1
Getting Started with Excel and Excel Add-Ins
(Appendix B)
Microsoft Excel is arguably the most widely used computer application among business
professionals. Accountants, economists, financial analysts, marketers, HR managers, and many
others use Excel spreadsheets for everyday business tasks. Oftentimes, these tasks involve
entering, editing, and formatting data as well as performing data analysis.
Excel Add-Ins
In this course, we use the Analysis ToolPak add-in for statistical analysis. This add-in comes
preinstalled with Excel and can easily be activated. It needs to be activated only once.
Activating Analysis ToolPak Add-Ins
a. For MS Windows, In Excel, go to File > Options > Add-Ins. For MacOS, go to Tools >
Excel Add-ins and continue to step c.
b. In the Manage Excel Add-ins section (toward the bottom of the screen), click Go…
c. On the Add-ins dialog box, check the Analysis ToolPak Add-In box and click OK.
d. In Excel, go to the Data tab and verify that the Data Analysis features appear.
Formulas
In Excel, we use formulas to perform basic calculations. When we enter a formula in a cell,
Excel performs the specified calculation and returns the result in the same cell. We also use
formulas to manipulate the cell content such as rounding a number.
Relative, Absolute, and Mixed References
By default, cell addresses in a formula, such as = B1+C1, are relative references and will change
when a formula is copied to another cell. For example, if we enter the formula =B1+C1, in cell
A1 and copy it to cell D4, the formula in cell D4 will appear as =E4+F4.
Absolute references allow us to maintain the original cell references when a formula is copied
elsewhere. We specify absolute references by adding a dollar sign ($) in front of the column
name and row number (e.g., $B$1).
We use mixed references by adding a dollar sign ($) in front of either the column name or the
row number (e.g., $B1 or B$1), but not both.
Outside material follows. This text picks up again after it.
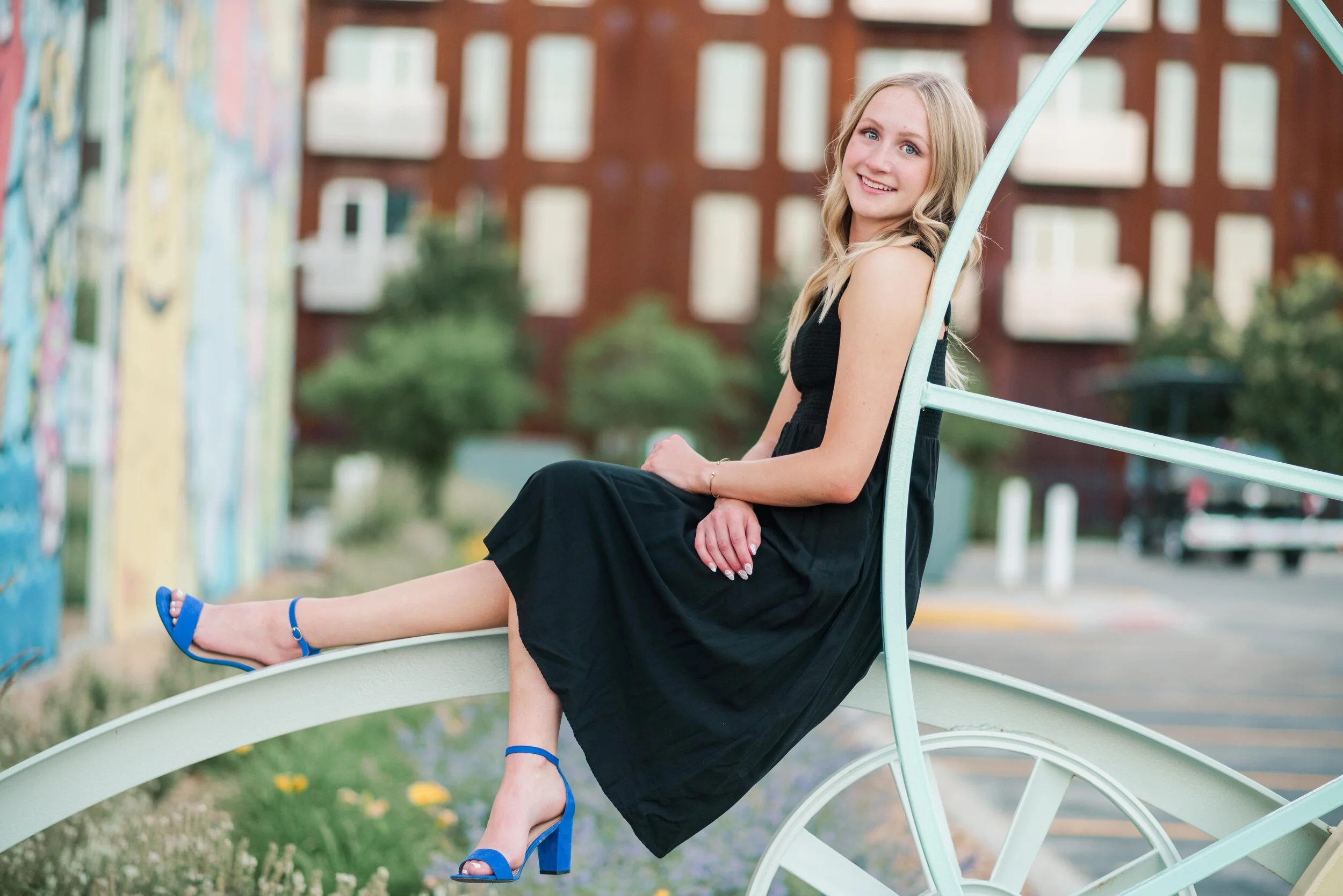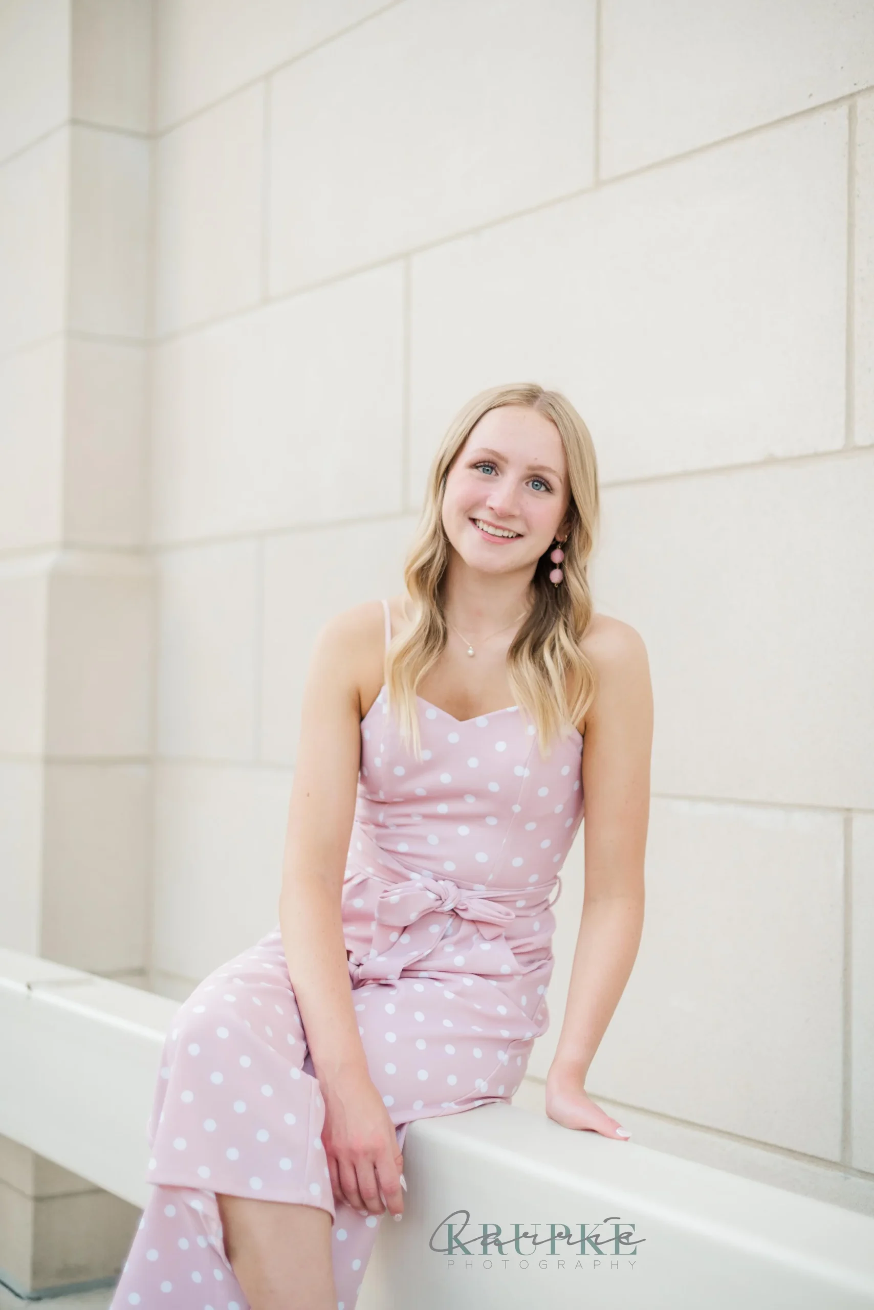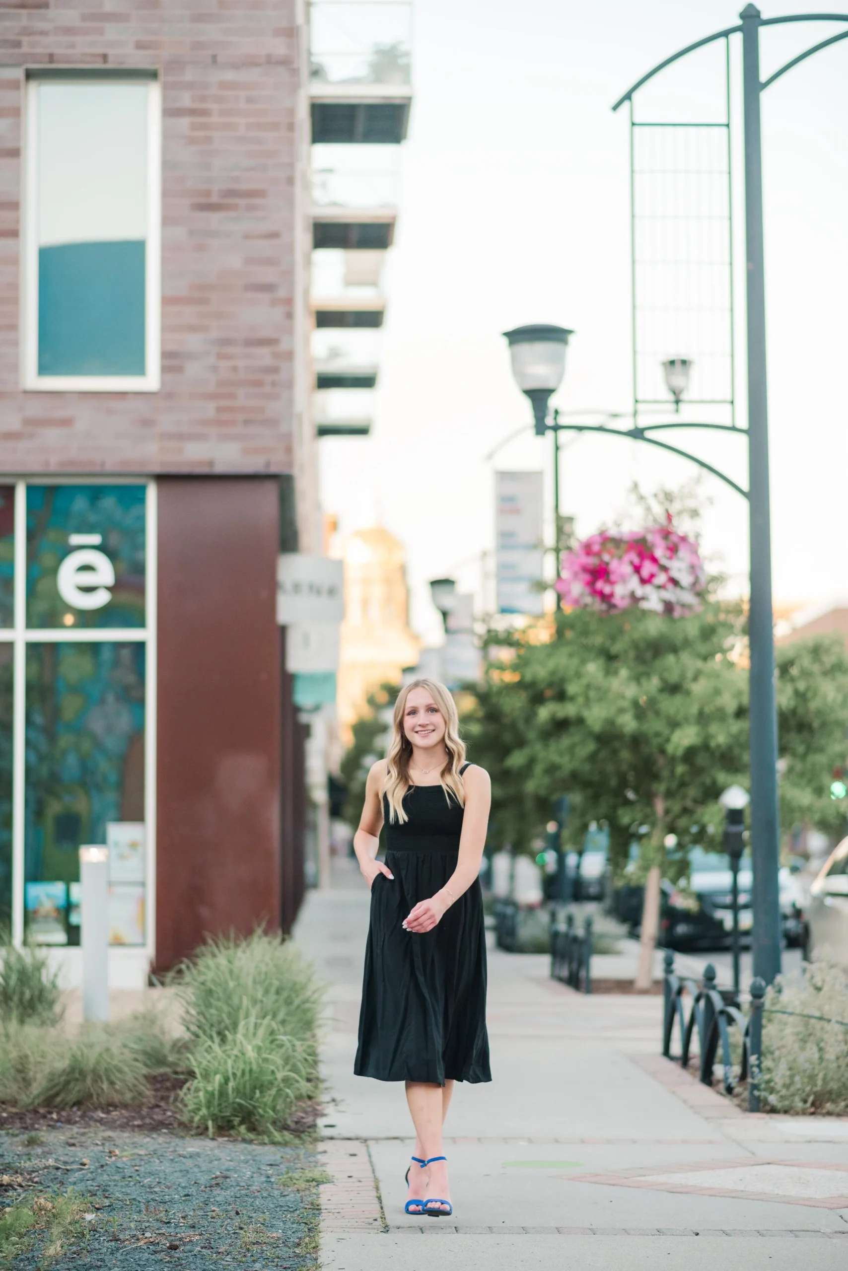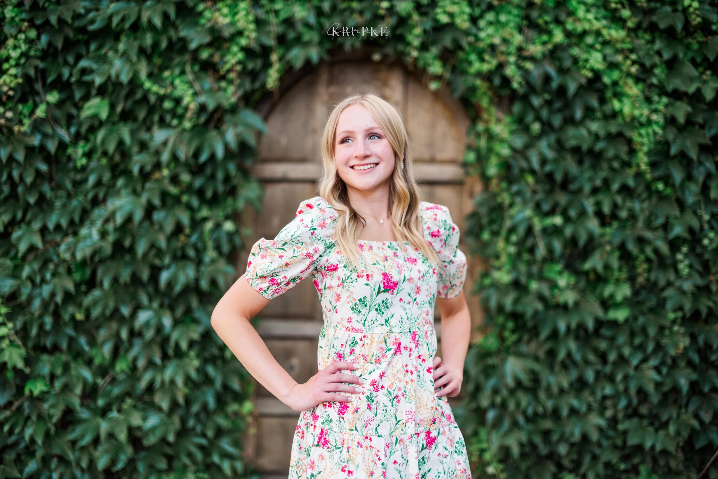 We had a beautiful evening (before it got ridiculously hot in July) here in Iowa and we started our time together at the Art Center when the roses were in full bloom. What a beautiful compliment to her outfit choices!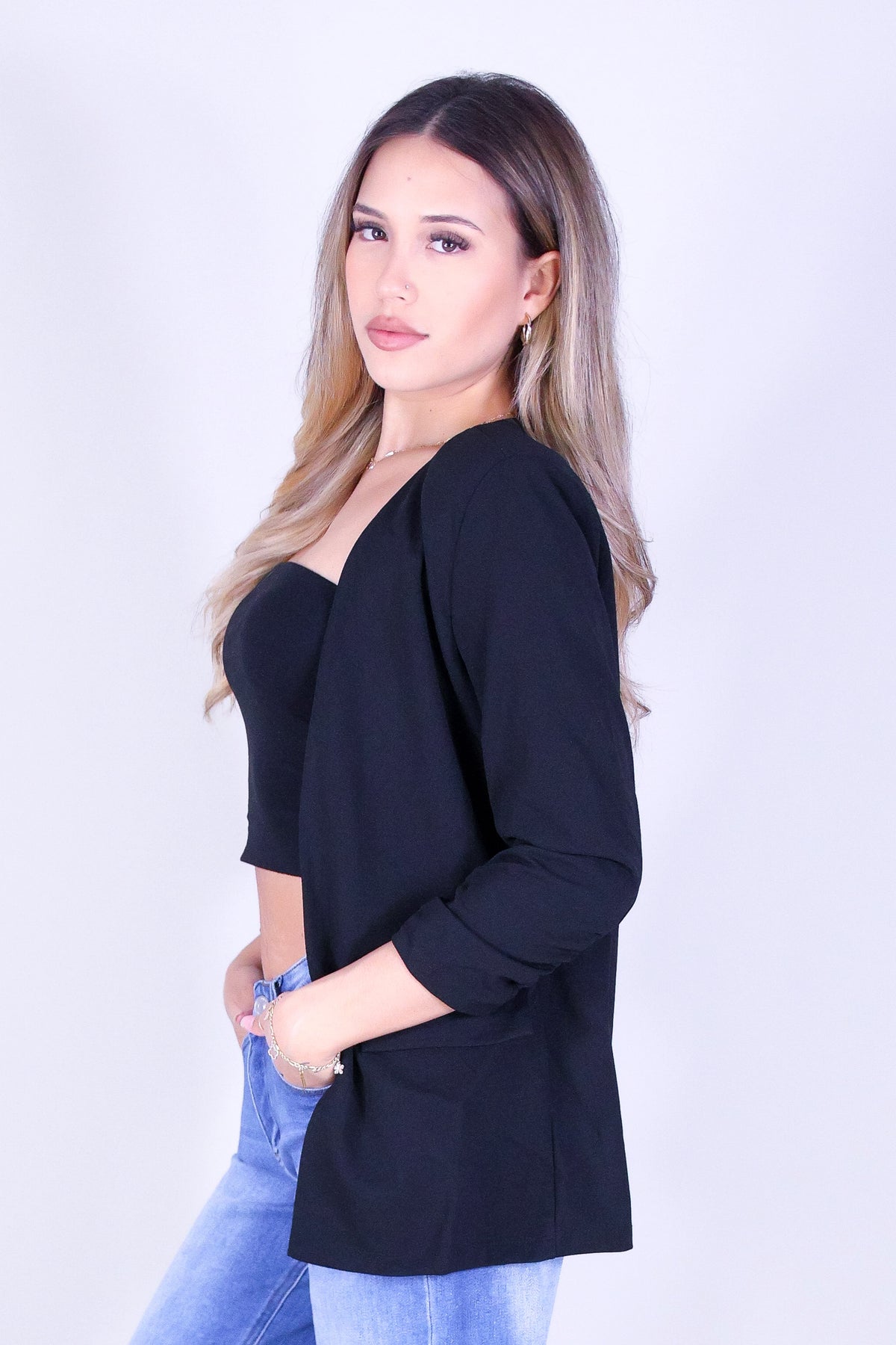 SHARP EDIT BLAZER is available in color BLACK and in size SMALL, MED, LARGE.

This will keep the reference to the specific column
name or the row number constant.
2
Table: Relative, Absolute, and Mixed References
Reference Formula in cell A1 Formula in cell A1 copied to cell D4
Relative =B1+C1 =E4+F4
Absolute =$B$1+$C$1 =$B$1+$C$1
Mixed =$B1+$C1 =$B4+$C4
Mixed =B$1+C$1 =E$1+F$1
• Illustrated reference example next.
Functions
Functions in Excel are predefined formulas. Like a formula, a function always begins with an
equal sign (=) and must be written with the correct syntax enclosed within parentheses.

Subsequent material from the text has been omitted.